Le Gabon lance un audit rigoureux des permis miniers aurifères
Le secteur aurifère du Gabon s’apprête à connaître une période de contrôle sans précédent. Le ministère des Mines a officiellement annoncé le démarrage, dès le 16 juillet 2026, d’une vaste opération de vérification et de mise en conformité des titres miniers attribués aux sociétés exploitant l’or sur le territoire national. Chaque détenteur de permis sera tenu de soumettre l’intégralité de ses dossiers administratifs, techniques et financiers à une commission spécialement constituée. Cette initiative s’inscrit dans une volonté affirmée de régulariser et de reprendre en main une filière souvent critiquée pour son opacité.
Un contrôle incontournable pour les opérateurs aurifères au Gabon
Dans les faits, toutes les entreprises détenant un permis de recherche ou d’exploitation dans le segment aurifère seront convoquées pour un examen approfondi devant les services compétents. L’audit se concentrera sur trois aspects fondamentaux : la conformité administrative des titres, la viabilité technique des opérations menées sur le terrain, et la capacité financière réelle des exploitants à honorer leurs engagements. Les autorités entendent ainsi s’assurer que les cahiers des charges, signés lors de l’octroi des permis, sont scrupuleusement respectés.
L’ambition affichée va au-delà d’une simple vérification comptable. Il s’agit d’établir une cartographie précise des acteurs véritablement opérationnels, en distinguant ceux qui conservent des titres sans les exploiter. Ce phénomène, connu dans le jargon minier sous l’appellation de titres dormants, bloque des zones à fort potentiel géologique sans générer de retombées fiscales pour l’État gabonais. La démarche du Gabon s’inscrit d’ailleurs dans une tendance régionale, plusieurs nations d’Afrique centrale et de l’Ouest ayant récemment renforcé les conditions de maintien de leurs permis miniers.
Assainissement d’une filière clé pour les revenus gabonais
L’or occupe une place de plus en plus significative dans la stratégie de diversification économique du Gabon, pays historiquement dépendant du pétrole et du manganèse. Le gouvernement cherche à structurer une filière encore largement dominée par l’orpaillage informel, dont les circuits commerciaux échappent en grande partie au fisc. Le ministère des Mines mise sur la formalisation des acteurs industriels et semi-industriels pour capter une part substantielle de la production, actuellement exportée par des canaux difficilement traçables.
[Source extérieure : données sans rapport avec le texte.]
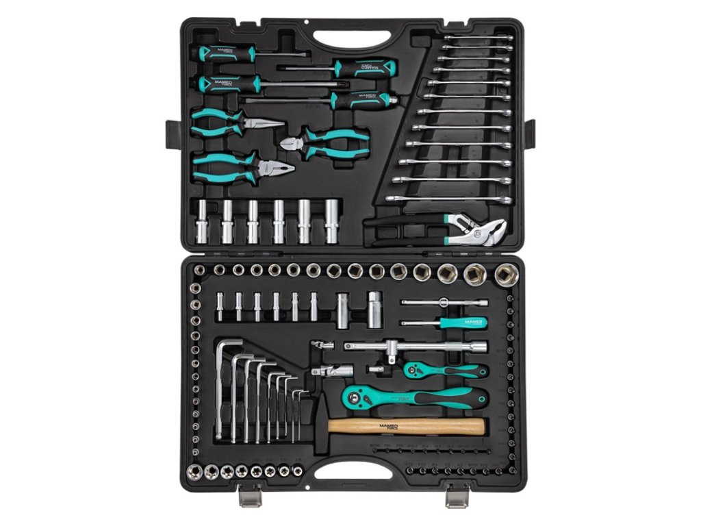 122 darabos szerszámkészlet tokban - racsnis, dugókulcsok és villáskulcsok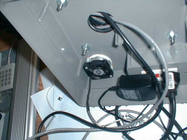 Para montar el ventilador USB utilice espaciadores y taladre agujeros para los tornillos.

Au-delà de l’enjeu fiscal, la question du contrôle revêt une dimension de souveraineté. Les autorités de transition, puis les futures institutions politiques, ont érigé la maîtrise des ressources naturelles en axe central de leur programme. La régularisation des titres aurifères constitue, à cet égard, un véritable test de crédibilité. Elle permettra d’évaluer la capacité de l’administration à faire appliquer la réglementation à des opérateurs parfois liés à des groupes étrangers ou à des réseaux d’orpaillage transfrontaliers.
Sanctions sévères envisagées pour les non-conformes
Les entreprises qui ne se soumettront pas à cet exercice ou qui ne pourront prouver la validité de leurs titres s’exposeront à des sanctions, pouvant aller jusqu’au retrait de leur permis. Cette éventualité n’est pas à prendre à la légère : dans plusieurs juridictions africaines, des campagnes similaires ont abouti à l’annulation de dizaines de titres, libérant ainsi des blocs miniers qui ont ensuite été redistribués via de nouveaux appels d’offres. Pour Libreville, cette opération pourrait ouvrir la voie à une réattribution ciblée, basée sur des critères plus exigeants en matière de solidité financière et d’intégration du contenu local.
Les investisseurs internationaux suivront avec attention le déroulement de ce dispositif. La prévisibilité juridique reste un facteur essentiel dans l’industrie extractive, où les cycles d’investissement s’étendent sur plusieurs décennies. Un audit mené avec rigueur, publié en toute transparence et assorti de décisions motivées, pourrait renforcer l’attractivité du Gabon. À l’inverse, une opération perçue comme arbitraire risquerait de freiner les capitaux privés au moment où le pays s’efforce d’attirer de nouveaux partenaires industriels pour l’exploitation de son sous-sol.
Le calendrier annoncé offre aux sociétés concernées quelques semaines pour rassembler leurs documents et anticiper les questions de la commission. Les prochains mois détermineront si cette campagne aboutit à une refonte profonde de la carte minière aurifère gabonaise ou si elle se limite à un simple exercice administratif. Le ministère des Mines entend faire de cette échéance un moment clé dans la structuration du secteur.